Start of Block

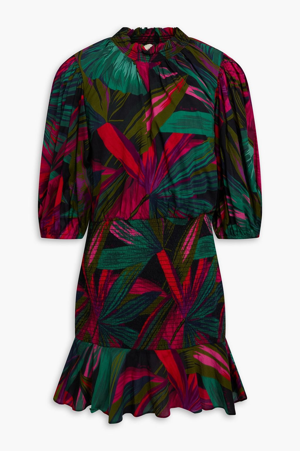 FARM RIO Ruffled printed cotton-voile mini dress
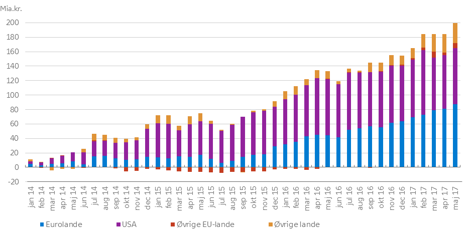 Danske investorer har købt udenlandske aktier og investeringsforeningsbeviser for 15 mia. kr. i maj 2017. De har dermed fortsat stor interesse for porteføljeaktier, og siden begyndelsen af 2014 har de samlet set investeret for knap 200 mia. kr. i disse aktier. I samme periode har de i alt solgt udenlandske obligationer for cirka 30 mia. kr.
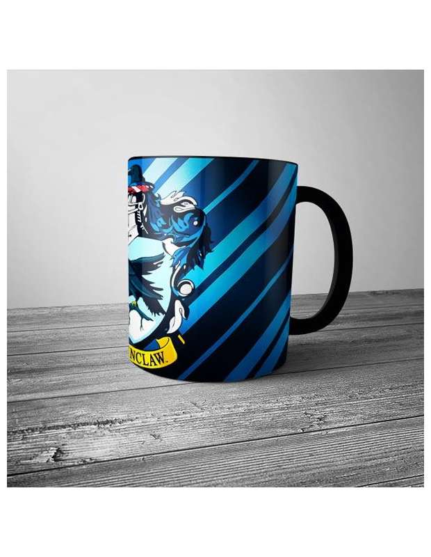 Taza decorada con un diseño muy original del la casa Ravenclaw. La taza que cualquier mago o bruja de Ravenclaw necesta para su desayuno té o café. Esta fantástica taza además resiste el microondas y el lavavajillas y está fabricada en cerámica blanca con el asa el interior en color negro
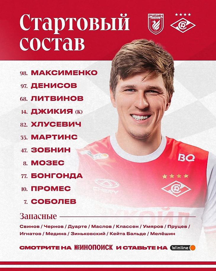 «Спартак»: Максименко, Денисов, Литвинов, Джикия, Хлусевич, Мартинс, Мозес, Зобнин, Соболев, Промес, Бонгонда
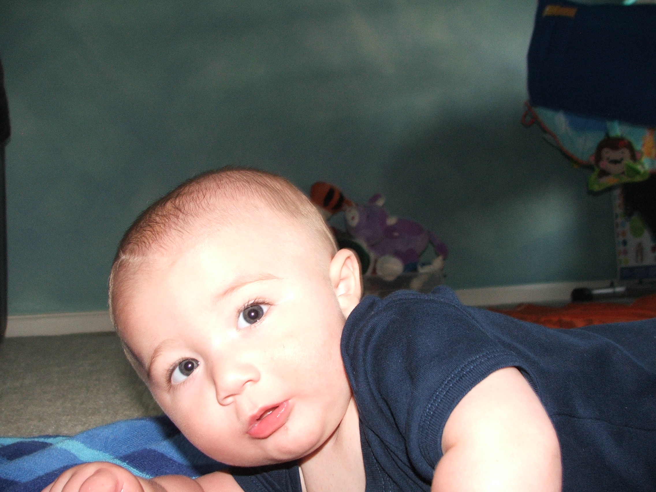 Speaking of growing up, I’ve been busy trying to roll over from my back to my belly but haven’t quite got there yet. I really can roll over that way but choose not to – it’s no fun being on my belly!
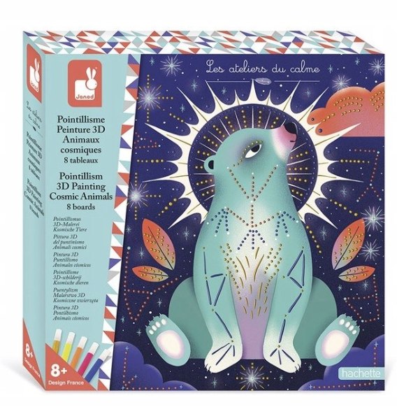 Janod Zestaw kreatywny Malowanie kropkami Puentylizm 3D Kosmiczne zwierzęta 8+
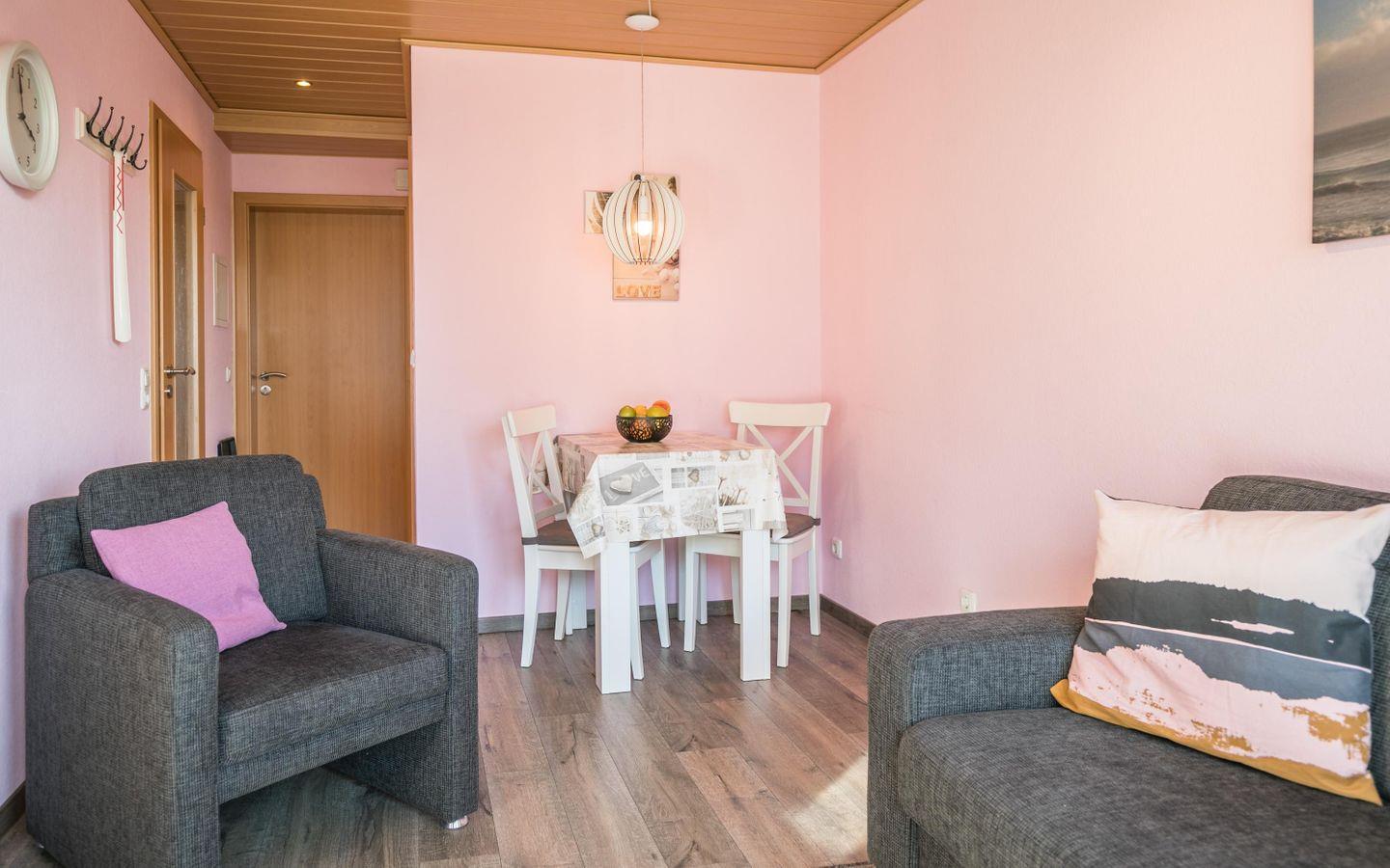 2er Polstersofa, Sessel, Beistelltisch, Flachbild-TV, DVD- und BluRay-Player, Tisch und 2 Stühle, Kommode, Deckenfluter, Zugang zum Balkon, Aussenrollo und Plissee, Garderobe
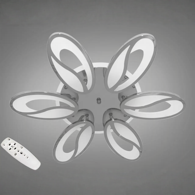 Стельова світлодіодна люстра 105W з пультом Diasha на шість акрилових розсіювачів 3200K-6000K хром IP20
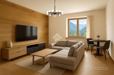 VILLA DALEGNO - VIA MONTE COLEAZZO: A pochi passi dal centro di Ponte di Legno proponiamo in vendita ampio appartamento trilocale di nuova costruzione posto al piano terra con giardino. La soluzione risulta composta da ampia zona giorno con angolo cottura. Tramite il disimpegno raggiungiamo la zona notte composta da due camere da letto e bagno con doccia. Completa la soluzione la cantina e il box auto venduto a parte ad € 30.000,00. Compravendita soggetta ad IVA. PUNTI DI FORZA: posizione comoda,sfogo esterno, vista panoramica.
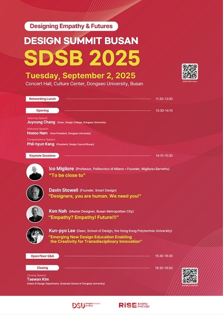 기조연사로는 ▲이탈리아 밀라노 공과대의 이코 밀리오레 교수 ▲홍콩이공대학 디자인대학장 이건표 교수 ▲데이빈 스토웰 Smart Design 설립자 ▲부산시 총괄디자이너 나건 교수가 참여한다. 이어지는 오픈플로어 Q&A 세션에서는 이들 글로벌 디자인 리더들과 지역 학생 및 학자들이 자유롭게 의견을 나누며 소통할 수 있는 장이 마련된다.

End of Block

What is needed:
When copying from the data above, begin at the line containing "Соболев, Промес, Бонгонда" and end at the line containing "Speaking of growing"; return those lines exactly and leave all pictures behind.

Answer box:
 «Спартак»: Максименко, Денисов, Литвинов, Джикия, Хлусевич, Мартинс, Мозес, Зобнин, Соболев, Промес, Бонгонда
 Speaking of growing up, I’ve been busy trying to roll over from my back to my belly but haven’t quite got there yet. I really can roll over that way but choose not to – it’s no fun being on my belly!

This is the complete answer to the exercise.